Color matters more than you think. White and chartreuse bucktails work in clear water. Switch to darker colors like root beer, new penny, or olive in stained conditions. Scented baits like Gulp and Fishbites add a real edge, especially in murky water where flounder rely more on smell than sight.
Work outgoing tides. An outgoing tide flushes bait out from backwaters and marsh drains, creating feeding lanes that flounder exploit. Position yourself at the mouths of creeks and drains during the last two hours of the outgoing for consistent action.
Regulations: Check Before You Go
Flounder regulations are a patchwork that changes every year. Summer flounder size and bag limits vary by state. New Jersey recently increased the minimum size to 19 inches with a 3-fish daily limit after a 34% quota reduction. New York and Connecticut share regulations at 18.5 inches with a 4-fish limit. Southern flounder face severe restrictions in North Carolina, with recreational seasons as short as four days in some years.
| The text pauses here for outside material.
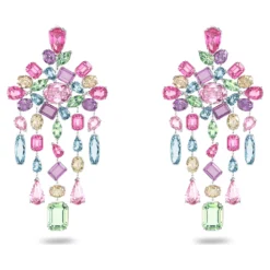 Swarovski Gema Clip Earrings Mixed Cuts, Chandelier, Extra Long, Multicolored, Rhodium Plated

Regulations change frequently and vary by state, species, and even body of water. Always check your state's current regulations before heading out. The information above is for general reference only and may not reflect the most current rules.
Get Out There
Flounder fishing rewards patience, attention to detail, and the willingness to stay glued to the bottom. Whether you're bouncing bucktails for doormat fluke in Montauk or soaking bloodworms for blackbacks in Boston Harbor, these fish put up a solid fight on light tackle and taste incredible on the plate. Rig up, find a good channel edge, and put in the drift time. The flatties are out there waiting.